Altagamma also presented its Consensus survey, which confirmed some of the Bain & Co. study’s forecasts, estimating that the global luxury market’s revenue and EBITDA will grow by 3% in 2025. Increased tourism flows and renewed consumer confidence in China are expected to have a positive impact in H2. The sector is forecast to grow its revenue by 2% in Europe.

The US market is expected to grow by 3.5%, though the prospect of tariffs on European products in the wake of Trump’s new mandate is looming. The Latin American market is expected to grow by 4%. Japan is set to slow down, up by only 2% after soaring in 2024, while China’s growth remains an uncertain prospect, and is estimated at 3%. The Middle Eastern market is instead expected to remain on trend, with an estimated growth of 5%.
 
The ‘luxury shame’ phenomenon in China is expected to be a factor in 2025 too, and the number of the country’s luxury consumers will increase by only 2%, losing out to American ones, whose numbers are expected to rise by 4.5%. Consumer numbers will rise by 3% for Asia-Pacific as a whole, and by 1% in Japan. In Europe, the number of luxury consumers is set to rise by a relatively modest 2%. 
 
Cosmetics is forecast to be the most dynamic luxury segment, with an estimated growth of 6%. Jewellery will continue to improve, driven by demand for investment assets, and its revenue is forecast to rise by 4.5%. Watch sector revenue is expected to increase by 1%. Modest growth is also forecast for leather goods (up 2%) and footwear (up 1%). Apparel is forecast to grow by 3%, with a strong polarisation between thriving quiet luxury labels, and less buoyant other brands.
 
Among sales channels, physical retail is expected to be the best performer, growing by 5%. Online retail is set to grow by 3%. The wholesale channel, both physical and digital, is instead forecast at a complete standstill.
 
The scenario painted by the Altagamma-Bain & Co. study sees the first luxury market slowdown since the Great Recession, excluding the pandemic crisis. A key factor will be the decline in Gen Z luxury consumption. The Gen Z customer base has notably shrunk by some 50 million in the last two years. 
 
The Bain & Co. study has found that consumers are increasingly shifting their spending toward travel, dining and events, while also prioritising personal care and well-being over products. The resale market is also buoyant, notably for jewellery, vintage clothes and leather goods.
 
Luxury stores are being hit by a footfall slump, while outlet stores are performing better, as consumers are shying away from full-price retail. E-tail is expected to normalise, after the post-pandemic swings. 
 
There are growth signals from the USA, but Japan is set to drive the market thanks to favourable exchange rates.
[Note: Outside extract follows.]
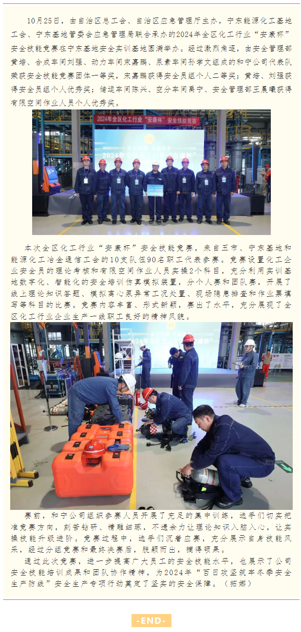 和寧公司在2024年全區(qū)化工行業(yè)“安康杯”安全技能競(jìng)賽斬獲佳績(jī)

A sharp slowdown is expected in mainland China. Europe is set to grow at a stable rate. The picture is more diverse in the Middle East, where regional tensions affect tourism flows. Emerging markets like Latin America, India, South-east Asia, and Africa are expected to add more than 50 million upper-middle-class luxury consumers by 2030.
 
2025 will therefore see a modest improvement in the luxury market worldwide, which is set on a long-term upwards trajectory by 2030, with an increasingly large consumer base.